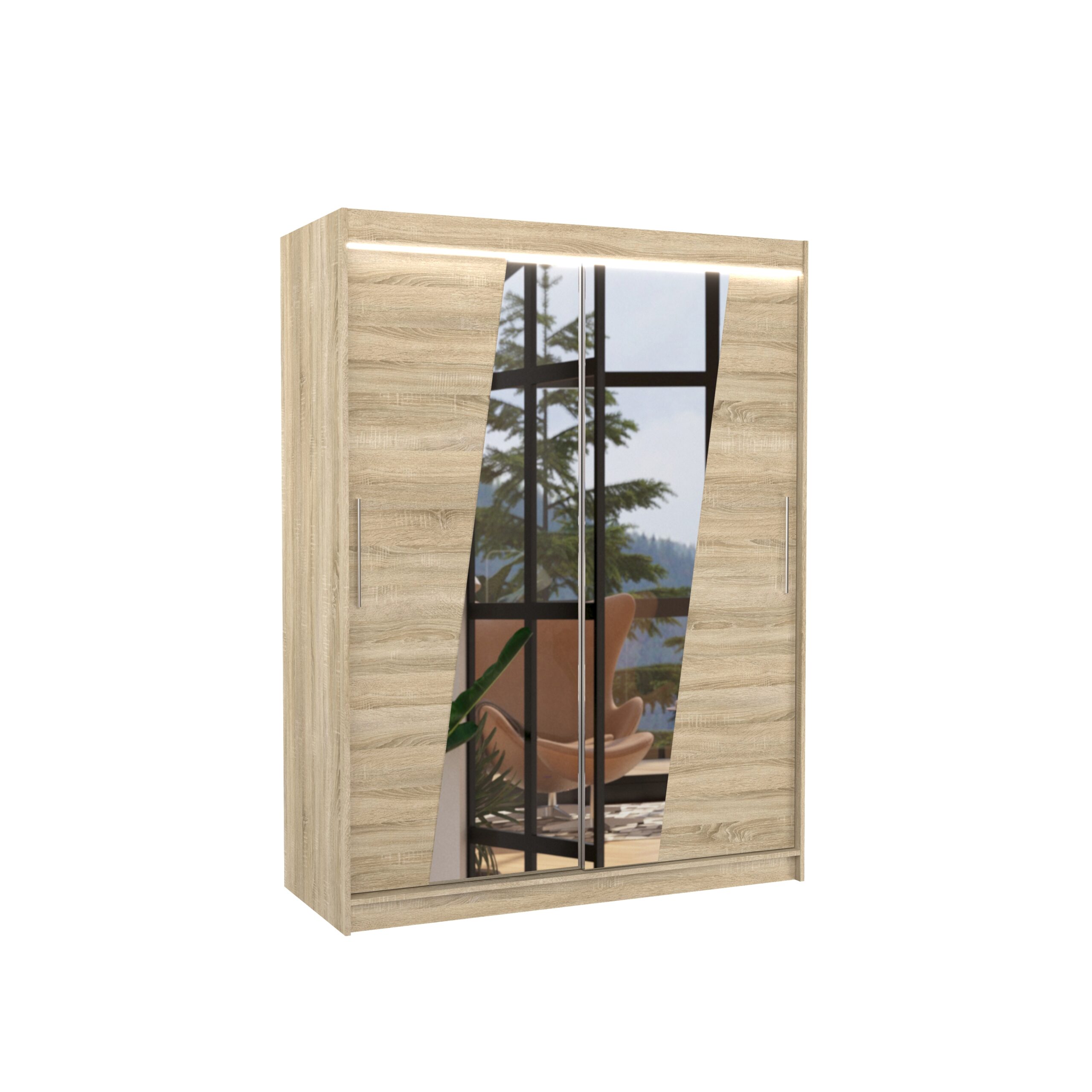 Tolóajtós gardrób Tükörrel és LED világítással ellátott tolóajtós szekrény BOLTON 150 – Sonoma
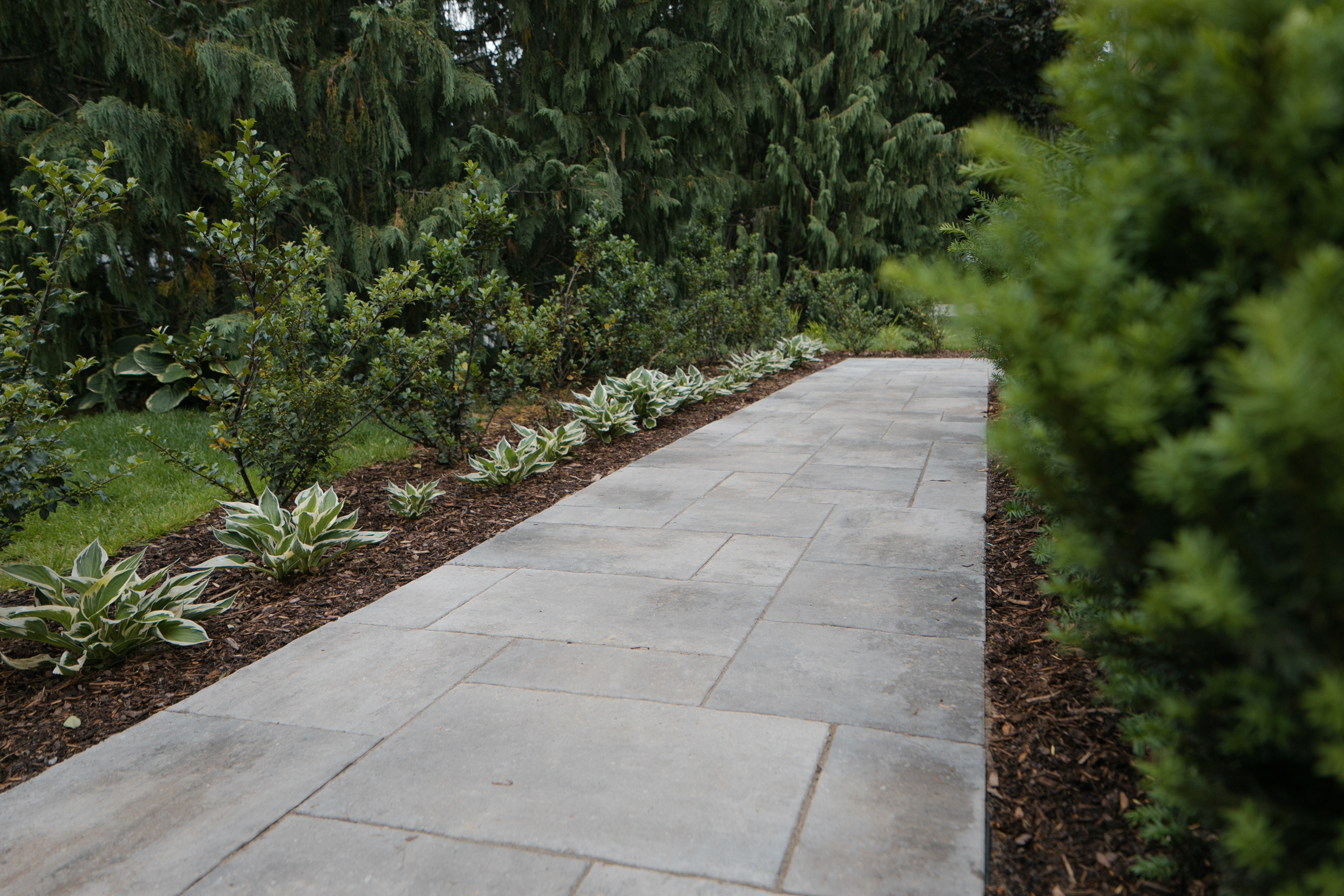 A stone pathway along the side of the house creates flow from the front of the property to the back.
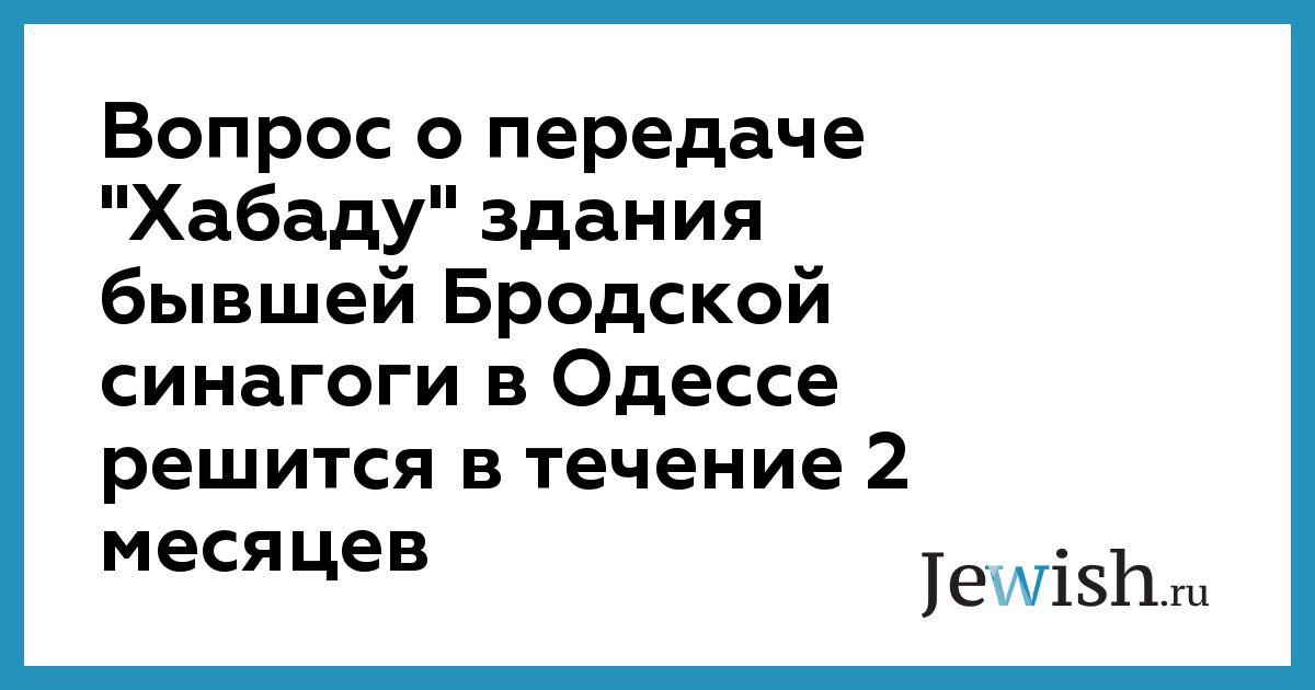 Вопрос о передаче "Хабаду" здания бывшей Бродской синагоги в Одессе решится в течение 2 месяцев
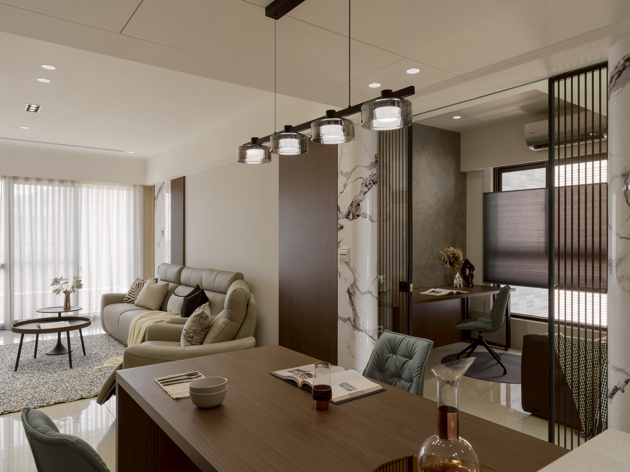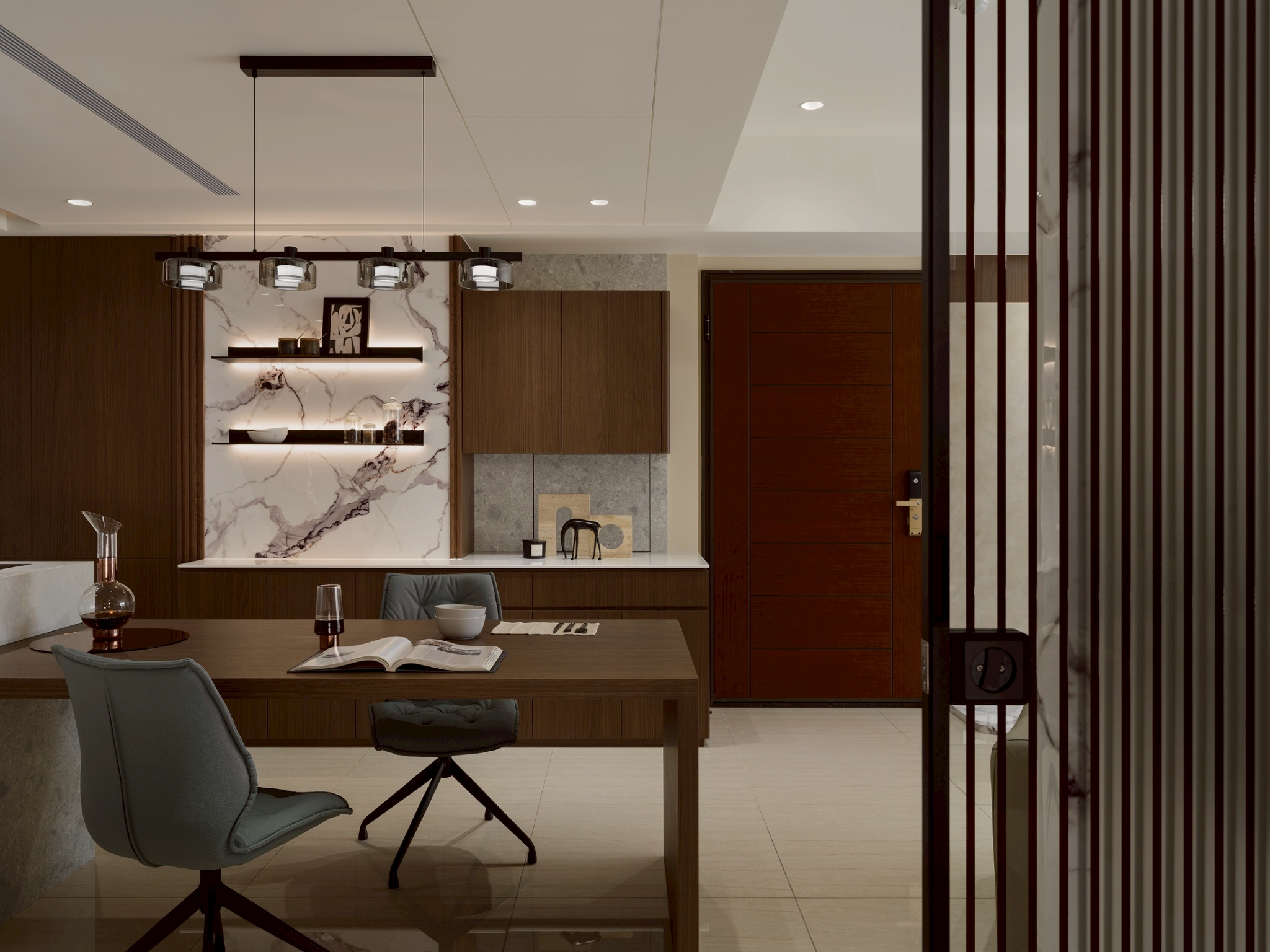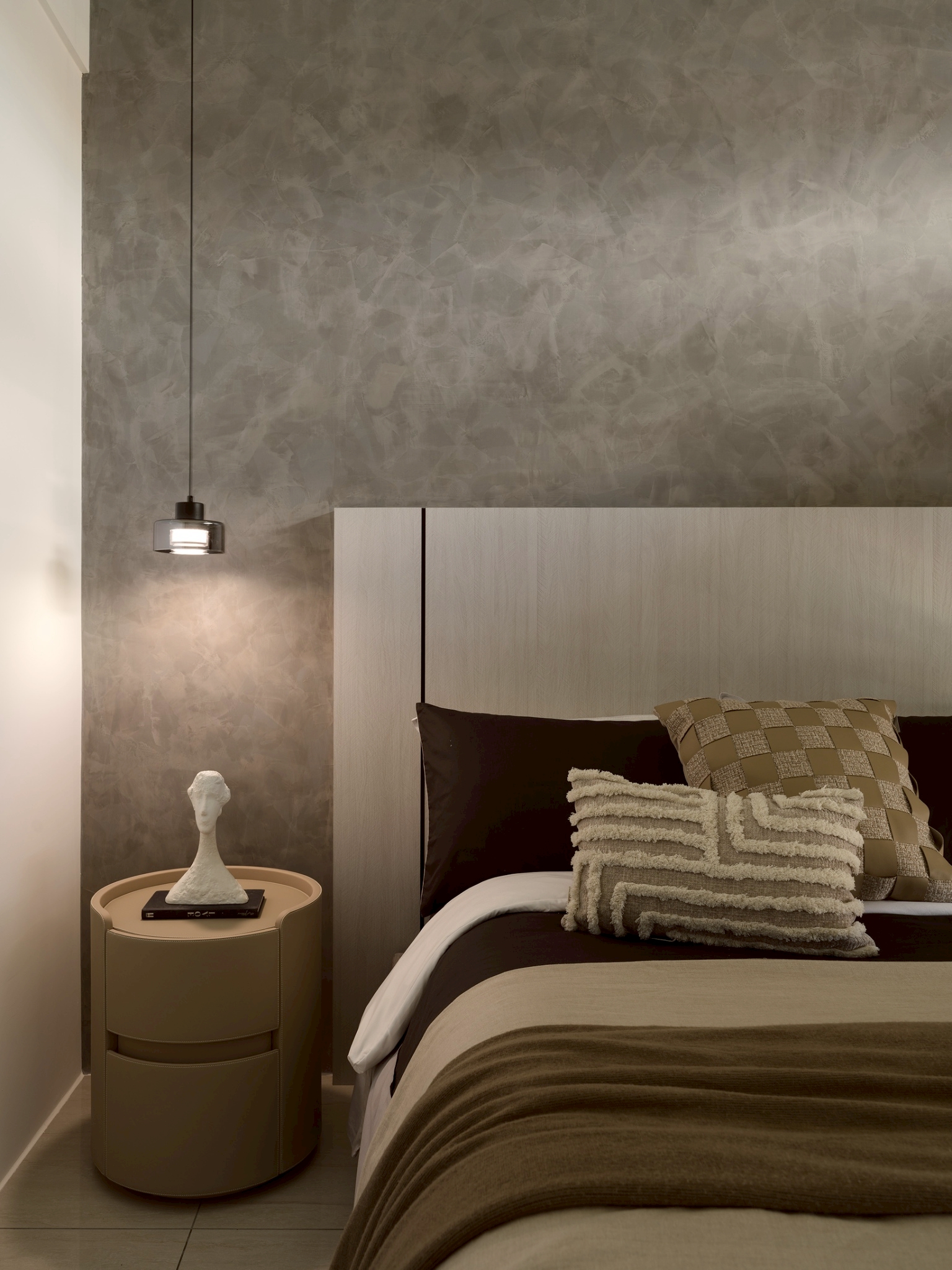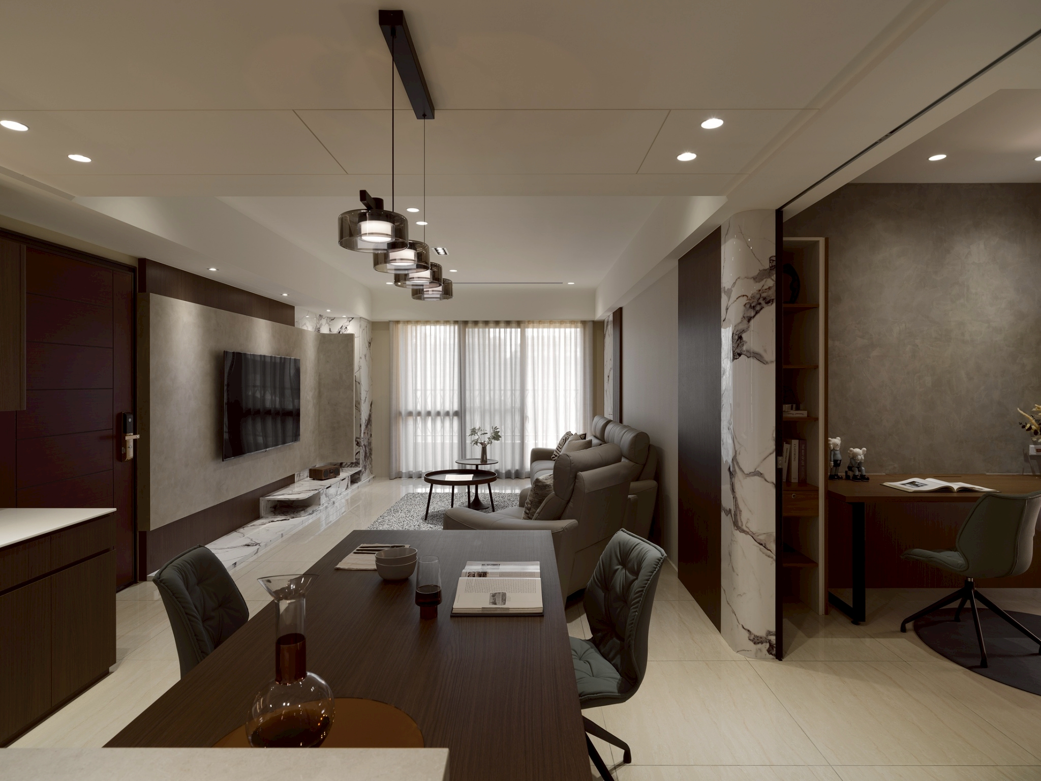 公領域: 牆面以霧灰形成層次堆疊,以弧形包覆電視,營造出包容、流動的空間感讓電視牆不只是背景,透過材質、色彩與弧形構圖,講述一種「靜中有動、簡中有層」的空間哲學。 半開放式工作區與閱讀區延續客餐廳設計,整體色調以木質暖棕色為主,而灰白大理石紋理增添冷靜與精緻感,平衡木材的溫度,營造沉穩且不壓迫的氛圍。 私領域: 臥室A: 利用格柵凹凸線條遮蔽門縫和灰白大理石紋理將門片巧妙融入,讓門「消失」在視覺中,達到空間整合與美感提升的效果。 床頭櫃一體化設計-將床頭櫃融入牆面櫥櫃中,節省空間並維持整體視覺一致性。 工作區與臥室相連,空間融合但透過材質與色彩區隔,保持功能獨立。 臥室B: 臥室牆面礦物塗料帶有微細紋理與霧面質地,在自然光下呈現細膩的光影變化,提升空間的層次與手工感。床頭融合牆面,即具藝術性維持極簡純粹。 衣櫃深色造型線條在淺木面板間形成節奏感,視覺上拉高空間比例,提升空間層次與視覺焦點。

* * *

Task goal:
What is needed is an exact copy of the lines from the beginning of the data through the line containing "Вопрос о передаче", both included, without any pictures.

Exercise output:
 Tolóajtós gardrób Tükörrel és LED világítással ellátott tolóajtós szekrény BOLTON 150 – Sonoma
 A stone pathway along the side of the house creates flow from the front of the property to the back.
 Вопрос о передаче "Хабаду" здания бывшей Бродской синагоги в Одессе решится в течение 2 месяцев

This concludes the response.